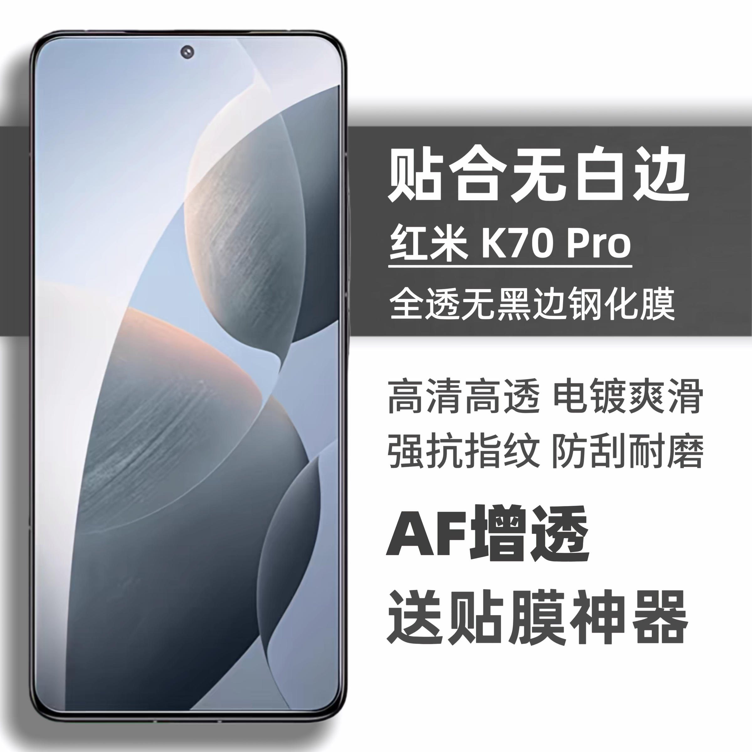 📚 适用于红米K70Pro无白边钢化膜高清防指纹小米K70E无黑边玻璃红米K60Pro手机膜非全屏K50/k60至尊版手机膜
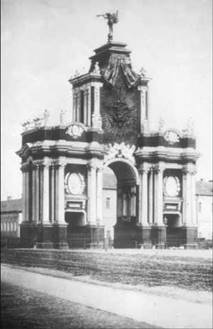 Вернемся на площадь Красных ворот, где в 1930-х годах архитектурная ситуация стала резко меняться. После сноса ворот и возведения здания НКПС на противоположной стороне Садового кольца в 1935 году вырос наземный вестибюль станции первой очереди метрополитена "Красные ворота", построенный по проекту известного практика и теоретика конструктивизма Н. А. Ладовского. Эта запоминающаяся композиция состоит из четырех уменьшающихся арок, образующих своеобразный перспективный портал-раковину.
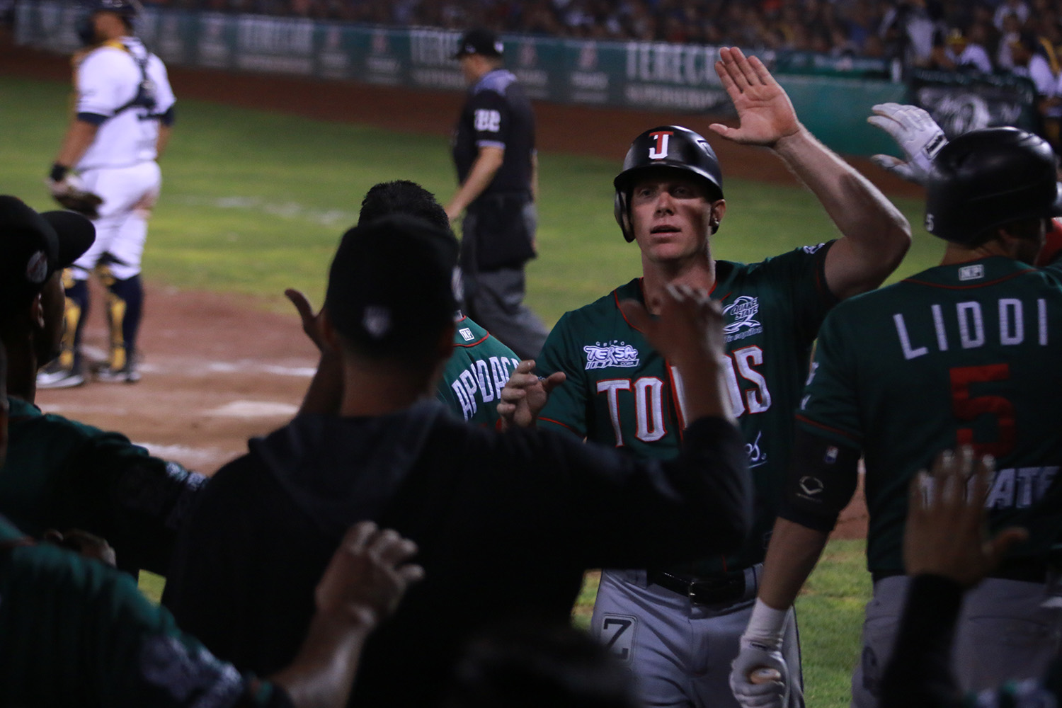 Enseguida tocó turno al emergente Óscar Robles, quien recibió base por bolas en un gran turno y luego de ponche a Alex Liddi los Toros de Tijuana se fueron adelante por primera ocasión en el partido cuando Juan Apodaca vio pasar cuatro bolas consecutivas, anotando Cyle Hankerd el 4-3 que perduró hasta el final.
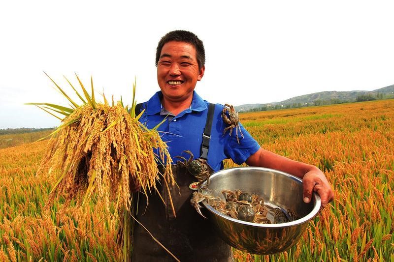 Agricultores em Shaanxi desfrutam da esta??o de dupla colheita de arroz e caranguejos.
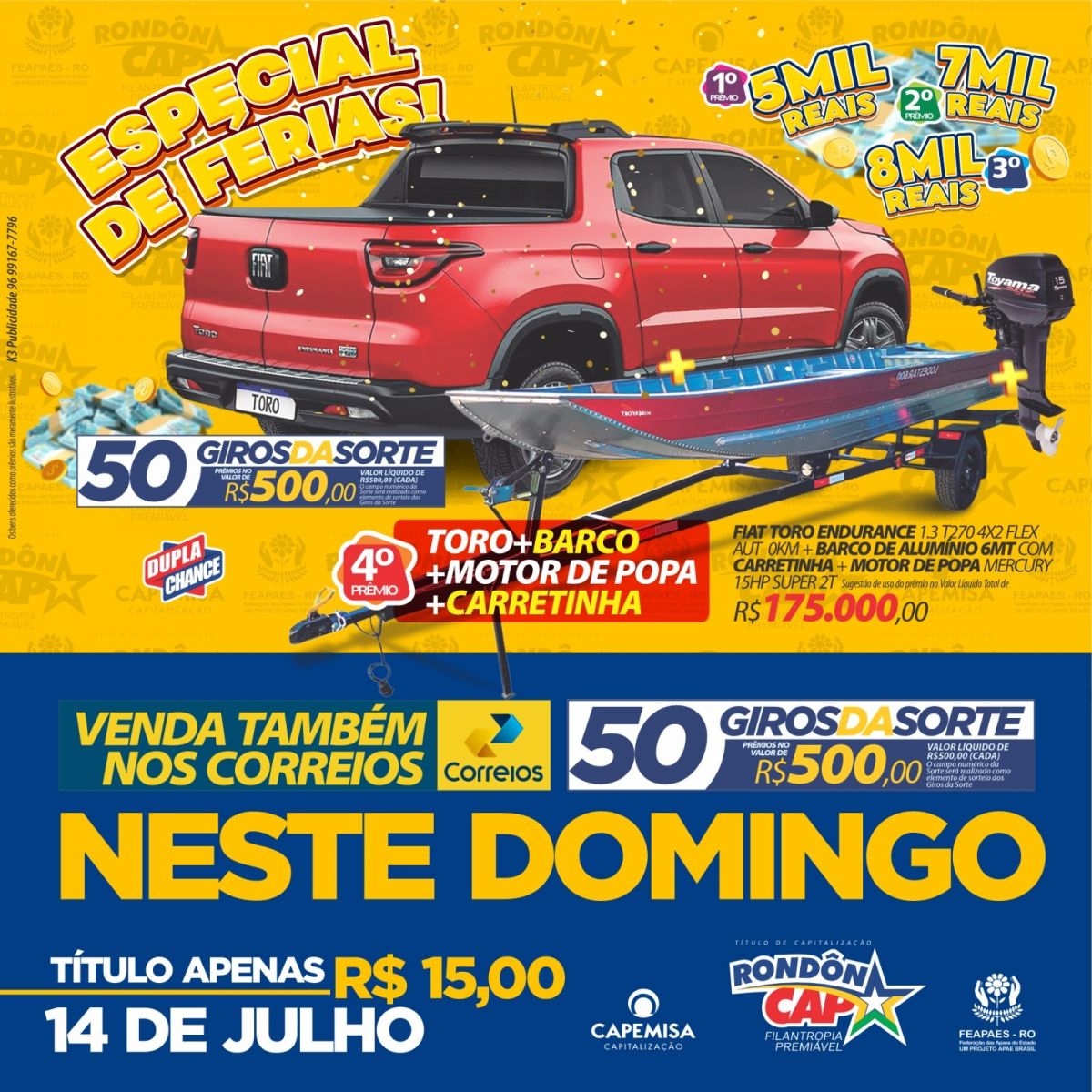 Especial de Férias é pra você! Domingo tem uma Fiat Toro mais um barco de alumínio, uma carretinha e um motor de 15HP; tudo junto ou valor de 175 mil só no Quarto Prêmio.
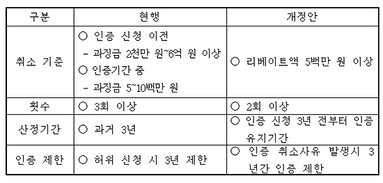 리베이트 기준도 손질했는데, 현행 과징금으로 산정했던 인증취소 기준을 리베이트 500만원 이상 금액으로 변경할 예정이다.

### Problem to work on
In your copy of the listing, please omit the pictures and keep every word exact.

### Result of this exercise
 📚 适用于红米K70Pro无白边钢化膜高清防指纹小米K70E无黑边玻璃红米K60Pro手机膜非全屏K50/k60至尊版手机膜
 Вернемся на площадь Красных ворот, где в 1930-х годах архитектурная ситуация стала резко меняться. После сноса ворот и возведения здания НКПС на противоположной стороне Садового кольца в 1935 году вырос наземный вестибюль станции первой очереди метрополитена "Красные ворота", построенный по проекту известного практика и теоретика конструктивизма Н. А. Ладовского. Эта запоминающаяся композиция состоит из четырех уменьшающихся арок, образующих своеобразный перспективный портал-раковину.
 Enseguida tocó turno al emergente Óscar Robles, quien recibió base por bolas en un gran turno y luego de ponche a Alex Liddi los Toros de Tijuana se fueron adelante por primera ocasión en el partido cuando Juan Apodaca vio pasar cuatro bolas consecutivas, anotando Cyle Hankerd el 4-3 que perduró hasta el final.
 Agricultores em Shaanxi desfrutam da esta??o de dupla colheita de arroz e caranguejos.
 Especial de Férias é pra você! Domingo tem uma Fiat Toro mais um barco de alumínio, uma carretinha e um motor de 15HP; tudo junto ou valor de 175 mil só no Quarto Prêmio.
 리베이트 기준도 손질했는데, 현행 과징금으로 산정했던 인증취소 기준을 리베이트 500만원 이상 금액으로 변경할 예정이다.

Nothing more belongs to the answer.